HYPERSYNC or HI-SYNC

If you have elinchrom strobes like a Quadra or Ranger RX you now have two options to enter the world of high-shutter-speed flash-synchronization: Pocketwizard or the new Elinchrom Skyport HS Plus.

OLD BUDDY OR NEW KID ON THE BLOCK

I thought it would be a good idea to recheck my old test-results with my pocketwizard-elinchrom-combo, before deciding to buy the new Skyport. I am interested if all these pr-statements from elinchrom are true and Hi-sync really beats Hypersync.

So first let´s see what the old buddies are capable of…

NIKON D810 & ELINCHROM RANGER RX SPEED AS

NIKON D810 & ELINCHROM QUADRA

 

correction: TT1 instead of TT5 and PowerST4 … because the on/off-setting for “hypersync only” comes from the tt1

DIFFERENT POINT OF VIEW

All the images above are unaltered jpgs directly ooc. Only the text and histogramm was added.

To get comparable results, i always tried to expose to the point where the highlights were just before starting to blow out. In this case the correct exposure for the face would have caused an overexposed bottom of the image. Since blown out highlights are more difficult to recover than too dark mids and shadows, this would be a good approach in real life as well.

 

There are always two images with the same shutter-speed and strobe-power-setting. The only things that differ are the “hypersync only-function” (on/off) and the resulting luminance, which is represented by f-stop and iso.

“Hypersync only = off ” gives less gradient but also less strobe-power.

“Hypersync only = on” gives more gradient but also more strobe-power.

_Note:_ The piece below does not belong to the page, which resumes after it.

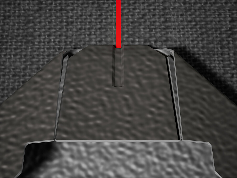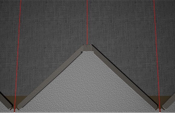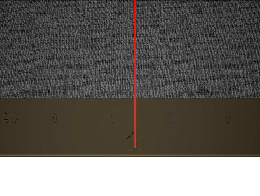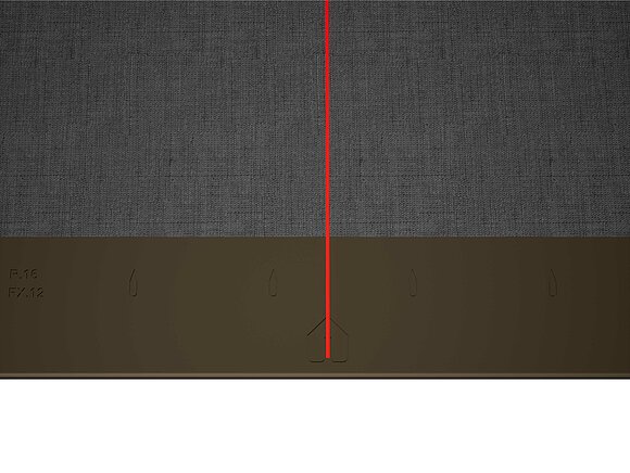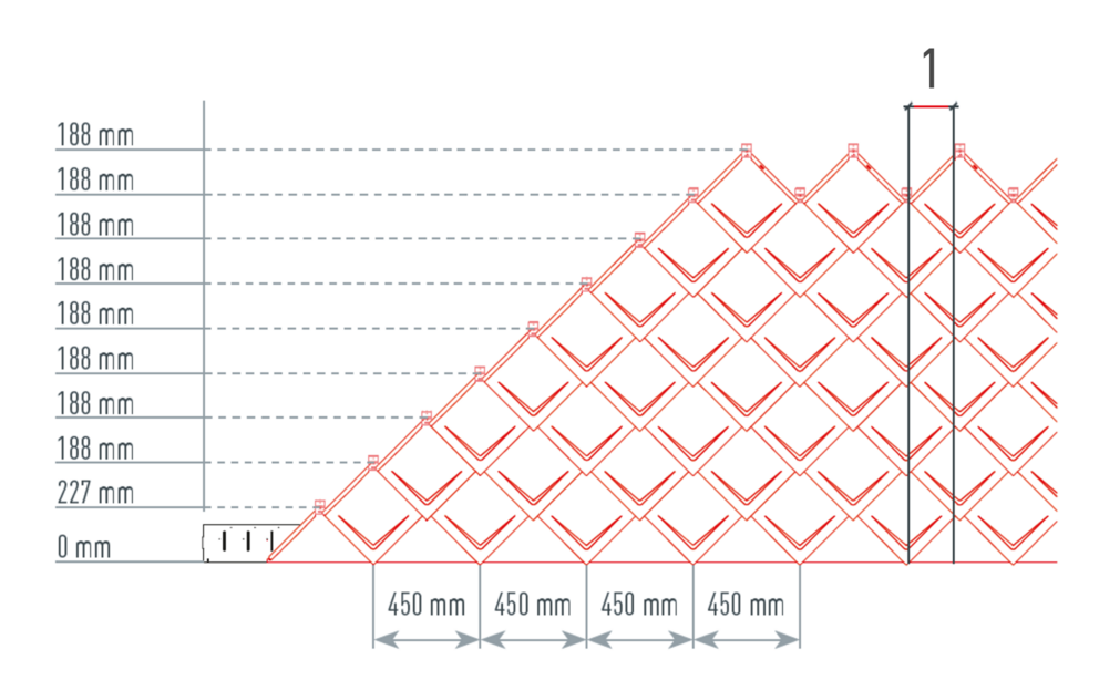 Dla łatwiejszego montażu dachówek romb 29 × 29 PREFA zaleca się naniesienie na połać pionowych linii traserskich w odległości co 450 mm. Aby w każdym rzędzie dokładnie trzymać się tych linii, w razie potrzeby można nanieść także dodatkowe linie pomocnicze w połowie odległości pomiędzy liniami głównymi. Ustawić dachówki początkowe nacięciami (przy górnej krawędzi dachówek początkowych) do prostopadłych linii traserskich (patrz rysunek poniżej). Pamiętaj, że obszar zakończenia bocznego (np. na wykończenie deski szczytowej) nie może leżeć w połowie dachówki romb 29 × 29 (zwracaj uwagę na symetrię/środek połaci).

So if you are in a situation where less strobe-power is needed you could always check “hypersync only = off” first and get away with a lighter gradient.

 

You often find hypersync-tests on white walls where the first examples just above standard-sync are completely white. At some point you are starting to see a light gradient, which gets darker and darker the higher the shutter speed goes.

 

Although these tests are technical correct, this is somehow misleading. I first thought that this indicates that the first “white frames” are exposures with no gradient at all. But this is not true … they are overexposed. If you would dial in the “correct” exposure you´ll see a light gradient.

 

My conclusion after a lot of testing (always aimed at  “Reduced Clipping”) is this: You always get a gradient. It is typical for your special camera-strobe-combination. Some team up better than other. The gradient is less or more pronounced. The higher the shutter-speed, the more you will see the gradient.

 

If you are not in a “clinical white wall test-setting” but in ambient light outside, the gradient will often not be visible very much, because the ambient light is counteracting the gradient. If you start to underexpose the ambient light, you will see the gradient more.  Also because of this the gradient is less pronounced in landscape than in portrait orientation, because normally in a natural lighting condition the most brighntness is at the upper part of the image.

 

Most of the gradients are easy to correct in post. If you want to help out a little bit before post, use a gradient-nd-filter.

 

EQUIPMENT

  • Nikon D810 (PC = SD, global contrast -2, sharpness 6 // vignette control = normal //  flash-sync=1/250 FP) + 50mm/1.8
  • Elinchrom Quadra + S-Head
  • Elinchrom Ranger RX Speed AS + S-Head
  • Pocketwizard TT1, TT5, Power ST4
  •  
  • strobe-head directly above camera with standard reflektor
  • camera 2m distance to wall

SETTINGS POCKETWIZARD

  • TT1: CONF 1 = Hypersync only disabled (factory settings)  //  CONF 2 = Hypersync only enabled (everything else factory settings)
  •  
  • TT5 (connected via the p2-port to the quadra):  P2 Flash Duration: 7 (everything else factory settings)
  •  
  • Power ST4 (for Ranger RX):  Hypersync = optimized for Reduced Clipping  / Misc = choose your head+model

YES …

  • you can get (very) good results up to 1/8000
  • it is better to have a strobe with a preferably long flash-duration
  • higher shutter speed = less strobe power

NO …

  • you don´t have to use full strobe power to get good results / as long as you are in port A you are good to go
  • you don´t get a complete clean frame without no gradient at all when you use shutter speeds just above standard flash-sync

WHAT´S NEXT ?

High-Shutter-Speed-Flash-Sync (or whatever brand-name you would call it … Hypersync … Hi-Sync) is all about timing.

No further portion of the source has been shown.